WHAT THE TASK REQUIRES
The copy must hold exactly the lines from the one with "他の画像を見る 宅配便(冷蔵可) 小岩(グラーヴェ)の土壌で育つブドウを使用したフリウリ" through the end of the listing below, and nothing else, with no pictures.

DATA SEGMENT

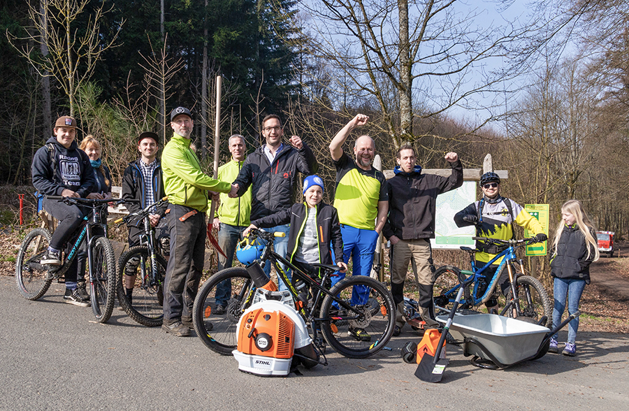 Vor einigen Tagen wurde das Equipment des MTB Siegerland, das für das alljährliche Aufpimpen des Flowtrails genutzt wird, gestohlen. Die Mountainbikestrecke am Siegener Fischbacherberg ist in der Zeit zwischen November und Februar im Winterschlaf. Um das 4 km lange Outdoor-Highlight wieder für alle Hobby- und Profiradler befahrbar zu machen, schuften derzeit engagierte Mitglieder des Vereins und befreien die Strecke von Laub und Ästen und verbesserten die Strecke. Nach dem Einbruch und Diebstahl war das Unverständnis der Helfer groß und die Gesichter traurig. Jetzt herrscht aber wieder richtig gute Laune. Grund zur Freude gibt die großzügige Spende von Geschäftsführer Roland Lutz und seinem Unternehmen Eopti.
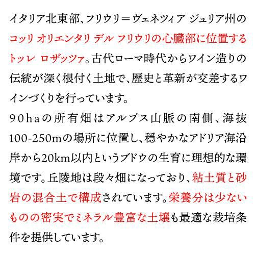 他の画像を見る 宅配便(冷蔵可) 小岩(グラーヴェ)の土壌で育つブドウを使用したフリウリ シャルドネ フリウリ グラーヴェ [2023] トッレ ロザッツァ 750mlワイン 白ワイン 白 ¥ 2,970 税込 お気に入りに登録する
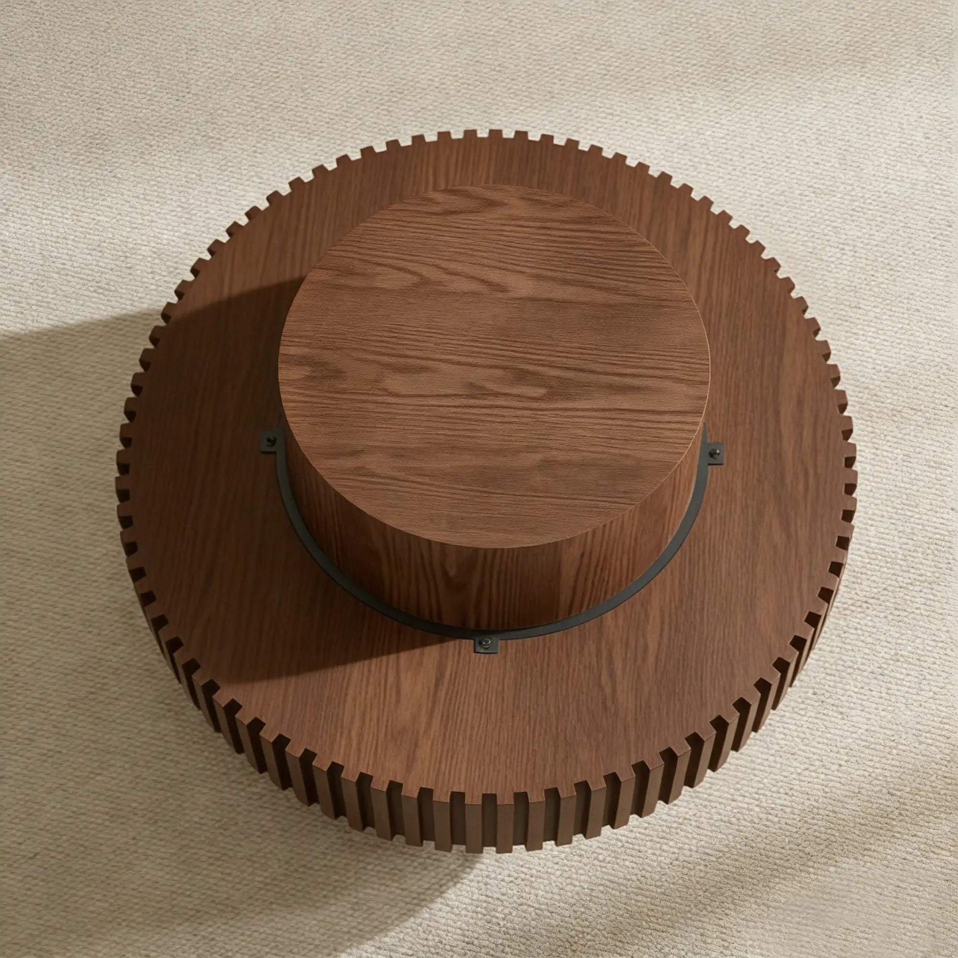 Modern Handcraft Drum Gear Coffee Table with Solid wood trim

ANSWER TO THIS PROBLEM
 他の画像を見る 宅配便(冷蔵可) 小岩(グラーヴェ)の土壌で育つブドウを使用したフリウリ シャルドネ フリウリ グラーヴェ [2023] トッレ ロザッツァ 750mlワイン 白ワイン 白 ¥ 2,970 税込 お気に入りに登録する
 Modern Handcraft Drum Gear Coffee Table with Solid wood trim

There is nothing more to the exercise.